Tearing-fatigue interactions in 316L(N) austenitic stainless steel

This paper presents the results from a programme of tearing, fatigue and tearing-fatigue tests performed on specimens from a 316L(N) stainless steel plate. All tests were carried out at ambient temperature. The experimental results have been compared with assessments performed using current guidance within the R6 defect assessment method. The work has shown that there is some evidence that fatigue cycling modifies the JR-curve behaviour of this material. In most cases, the data lie approximately 20-30% above the base-line JR-curve. However, whilst there may be a modest influence of fatigue crack growth on the ductile tearing characteristics, it is difficult to separate this from experimental scatter. In tearing-fatigue tests performed at a stress ratio, R=0.2, ductile tearing reduces the fatigue crack growth rates by up to 50%. This is likely to result from the presence of a residual compressive zone at the crack-tip, and increased crack closure due to the irregular and non-matching fracture surfaces generated by the ductile crack growth mechanisms. For R=0.1 tearing-fatigue tests, fatigue crack growth rates are apparently enhanced by a factor up to of 10, particularly during the latter stages of the tests when ΔK>60 MPam.
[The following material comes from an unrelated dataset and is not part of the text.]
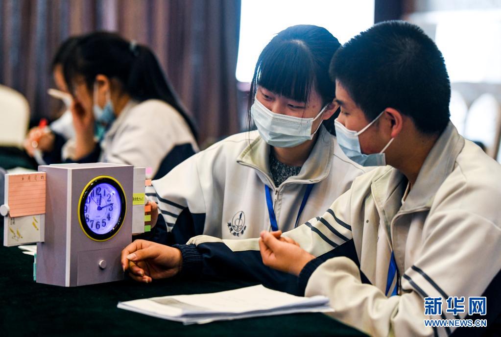 4月24日,在位于新疆科技馆的复赛现场,来自乌鲁木齐市第一中学的高子涵(左)和付鸣一在调试“智能控制”命题组参赛作品。

This is likely to result from: (i) loading being in the elastic-plastic regime where the J-integral (rather than K) characterises the crack-tip fields, (ii) increments of ductile tearing which may occur during each fatigue cycle, and (iii) crack blunting which reduces crack closure effects. For the R=0.2 tearing-fatigue tests, the linear summation approach described in R6 provides a consistently conservative prediction of ductile, fatigue and total crack growth during the tests. However, for the R=0.1 tearing-fatigue tests, the Paris law under-predicts fatigue crack growth rates. This may be corrected by using the Kaiser equation, which acknowledges loading in the elastic-plastic regime and incorporates incremental growth due to tearing as well as fatigue. R6 provides conservative predictions of instability for the CT specimen geometry tested in the current programme, both in terms of the critical crack growth and load required for instability to occur.